この事例の依頼主
40代 女性
相談前の状況
相談者は、夫と子育てに関する考えを含めて合わない部分が多く、また自身や子どもに対する暴力もあるなど、これ以上婚姻関係を続けるのは困難と考え、別居をしていました。別居開始後も、夫の考えがよく分からず、このまま当事者間で話し合いを続けることは難しいと考え、離婚と婚姻費用の交渉を弁護士に依頼した事案です。
解決への流れ
夫は弁護士に委任しなかったため、直接本人との交渉になりましたが、婚姻費用、子の親権、養育費のほか、夫婦共有名義の不動産が複数あるなど、協議すべき事柄が多い事案でした。半年以上協議を続けましたが結果的にまとまらず、調停を申し立てることになりました。上記争点のうち、婚姻費用については、調停申立て後早々に、別居日以降の未払婚姻費用(約1年分)をまとめて支払ってもらうことで調停が成立しました。

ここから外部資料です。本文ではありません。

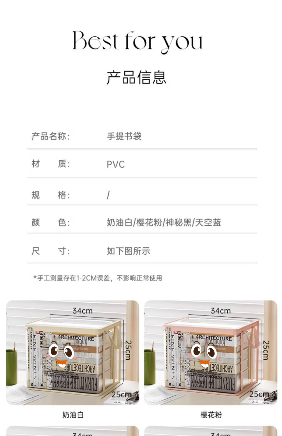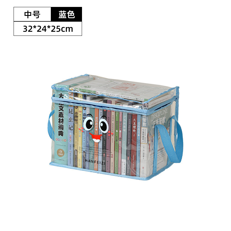 卡通书本收纳箱加厚PVC防水防尘课本收纳袋可折叠大号手提整理箱

実務上、婚姻費用を請求できるのは「請求時」以降とされています。「請求時」がいつになるかは「調停申立時」「内容証明郵便での請求時」などいくつか考え方があるのですが、少なくとも何もしないままでいると、別居期間中に義務者(収入の多い方)から生活費の支払いを受けていなかったとしても、遡っては請求できないことになってしまいます。本件は、交渉が結果的に長期化したものの、受任後すぐに内容証明郵便で婚姻費用の請求を行っていたため、未払分を回収できた事案です。婚姻費用は離婚に至るまでの生活の安定に直結する費用でもありますので、早期に弁護士に対応を依頼することをお勧めします。